The ttestBF function can also be used to compute Bayes factors in the two sample case as well. We use the chickwts data set to demonstrate the two-sample t test. The chickwts data set has six groups, but we reduce it to two for the demonstration.
data(chickwts)
## Restrict to two groups
chickwts = chickwts[chickwts$feed %in% c("horsebean", "linseed"), ]

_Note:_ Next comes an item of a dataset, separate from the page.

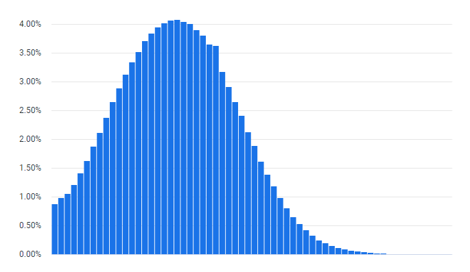 - 自分がスキル分布の上位にいる場合、どんなプレイヤーとマッチングすることになっても、ほとんどのチームメイトは自分より劣っているはずです。これは、分布の一番端は人口が少なく、このゾーンでのマッチメイキングはとても長いマッチメイキング時間、とても大きなスキルギャップ、またはその中間の状況(これが理想的なケースです)が必要となってくるからです。分布の底辺にいるプレイヤーも同様で、この部分のスキル分布も他の部分より人口が少なくなっています。

## Drop unused factor levels
chickwts$feed = factor(chickwts$feed)
## Plot data
plot(weight ~ feed, data = chickwts, main = "Chick weights")
 
Chick weight appears to be affected by the feed type.
## traditional t test
t.test(weight ~ feed, data = chickwts, var.eq = TRUE)
## 
##  Two Sample t-test
## 
## data:  weight by feed 
## t = -2.93, df = 20, p-value = 0.008205
## alternative hypothesis: true difference in means is not equal to 0 
## 95 percent confidence interval:
##  -100.2  -16.9 
## sample estimates:
## mean in group horsebean   mean in group linseed 
##                     160                     219
We can also compute the corresponding Bayes factor. There are two ways of specifying a two-sample test: the formula interface and through the x and y arguments. We show the formula interface here:
## Compute Bayes factor
bf = ttestBF(formula = weight ~ feed, data = chickwts)
bf
## Bayes factor analysis
## --------------
## [1] Alt., r=0.707 : 5.98 (0.01%)
## ---
##  Denominator:
## Type: BFindepSample, JZS
## Null, mu1-mu2 = 0
As before, we can sample from the posterior distribution for the numerator model:
chains = posterior(bf, iterations = 10000, progress = FALSE)
plot(chains[, 1:4])
 
Note that the samples through assuming the equivalent ANOVA model; see ?ttestBF and for notes on the differences in interpretation of the \( r \) scale parameter between the two models. 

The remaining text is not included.